Good for You: A Novel (48)



“Are you sure?” he said.

“Please,” she said, pressing her mouth against his neck. “Now.”

Yet again, Wyatt carried her upstairs—but this time, Aly remembered everything.

The way he pulled her shirt over her head, then tore off his own. How her skin felt electric as their limbs tangled together. How he bent over her on the bed in reverence and kissed every inch of her until she couldn’t take it another second. The way they both cried out when he entered her, and immediately found a rhythm so good, so satisfying that Aly marveled as she moved beneath him. Now she understood the difference between having sex and having someone make love to you. When she came, she didn’t think about how her face looked, and she didn’t squeeze her eyes closed. Instead, she stared up at Wyatt, who was staring back in wonder, and she held his gaze until he had finished, too.

Afterward, they lay side by side on the bed, breathing hard and staring at the ceiling. Only then did Aly’s fear begin to resurface. Was he going to tell her he shouldn’t have? That he’d somehow betrayed Luke or made a terrible mistake?

But instead of saying anything like that, Wyatt leaned onto one elbow and kissed her tenderly. Then he whispered, “No matter what happens next, I want you to know that I’ll never hurt you, Aly. I promise.”





TWENTY-FOUR


“Aly?”

“Yeah?” she said.

It was early the following morning, and Wyatt had just stirred beside Aly in bed. She hadn’t expected to literally spend the night with him, but after they’d scarfed down sandwiches he’d thrown together for dinner, they’d immediately gone back up to her bedroom. Once they’d finally exhausted each other, they had fallen asleep side by side. If she’d dreamt, she couldn’t remember it, and she’d awoken feeling downright refreshed.

“I need to tell you something,” said Wyatt, who was still lying beneath the covers.

Her stomach sank—so much for refreshed! How foolish she’d been, to spend the evening convincing herself that the other shoe wouldn’t drop. It always dropped.

“Are you going to tell me why you were so rude to me when we met in New York all those years ago?” she said, raising her eyebrows. “Because that was so weird. I hated you after that.”

He grimaced. “You want the truth?”

“You know I do.”

“I thought you were beautiful, and if you hadn’t been Luke’s sister, I would’ve asked you out immediately. But you were, and I didn’t want to creep on my best friend’s sister.”

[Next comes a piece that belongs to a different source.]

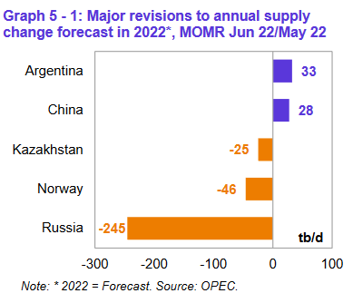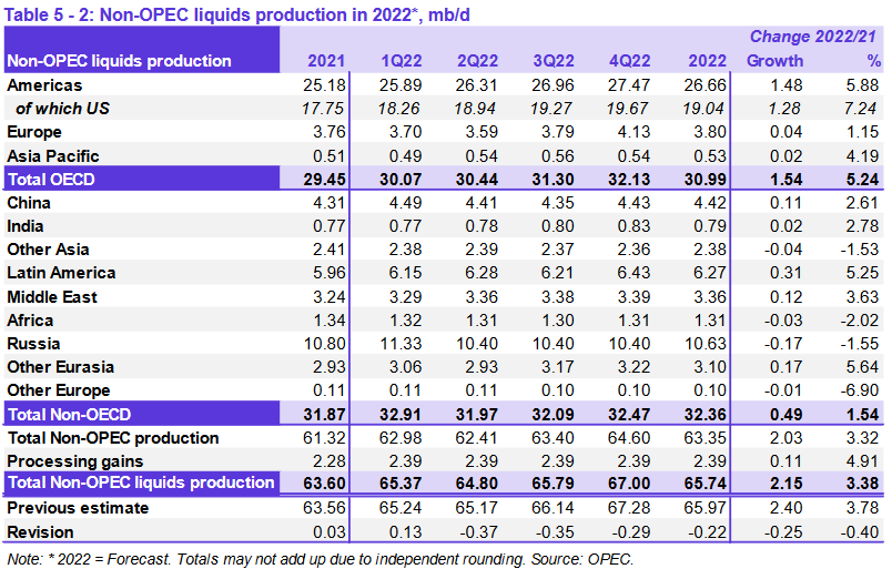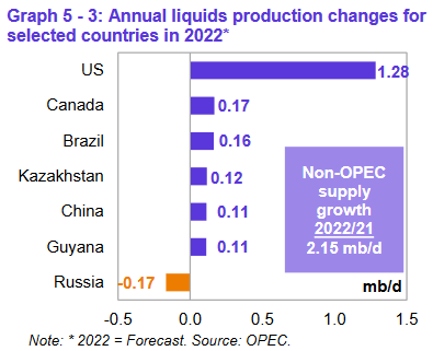Прогнозируется, что в 2022 году ключевыми драйверами роста предложения, не входящего в ОПЕК, будут США, Канада, Бразилия, Казахстан, Китай и Гайана, в то время как прогнозируется снижение добычи нефти в основном в России, Индонезии и Таиланде.

She laughed. “Yet here you are. Creeping.”

“Little bit,” he said. His expression shifted. “That’s not what I was going to say, though.”

“Is this about Luke?” she said, because she’d just recalled what Wyatt had said about her brother the other day: I never should have let it happen. I still don’t understand why he chose to go anyway. She’d been too inebriated to dwell on it then. Now it struck her as curious, maybe even ominous. Did Wyatt know something he wasn’t telling her?

Now he looked upset. “Sort of,” he said.

“Wyatt,” she said, rubbing the sleep from her eyes, “just tell me. The longer you make me wait, the more my imagination is going to spin out of control.”

He glanced across the room, away from her, and her stomach lurched again. Then he said, “My sister died when I was thirteen.”

Aly startled. “I . . . don’t even know what to say. I’m sorry. I had no idea.” Her chest flooded with guilt. Of course he’d understood her pain. He’d lived through it.

“It’s okay,” he said, meeting her eyes. “I don’t really talk about it.”

“I’m so sorry. Thank you for telling me.”

He closed his eyes for a moment. “I am, too. I just thought you should know why I’ve been moping around. Obviously, losing Luke was awful all by itself. But it also brought up some old issues for me. Then when you got here, and I saw how you were struggling . . . It’s just been a lot to handle. I’m sorry, Aly. I know I’ve been weird. I’m trying not to be, but it’s hard sometimes. And now we’re doing this,” he said, smiling softly at her. “I might get even weirder.”

“It’s okay,” she said, throwing her arms around him. She wanted to kiss him until he forgot; she wanted to weep. What was wrong with this world, that the best people were taken too soon? “What was your sister’s name?” she asked.

“Ruby. She was eight. She had pediatric glioblastoma—it’s a type of brain cancer. They have better treatments for it now, but back then . . . nothing worked.”

She hugged him. “Oh, Wyatt.”

“I know,” he said, kissing her forehead. “I know you get it.”

“Do you have any other siblings?”

He shook his head. “My parents weren’t control freaks until after everything happened with Ruby. At first, they just wanted to keep me . . . alive, I guess. But it wasn’t long before they started wanting to orchestrate every last detail—who I dated, where I went to school, what I did for a living, even which apartment I chose and what kind of clothes I wore. My mother called me twice a day, no matter what, just to check in.”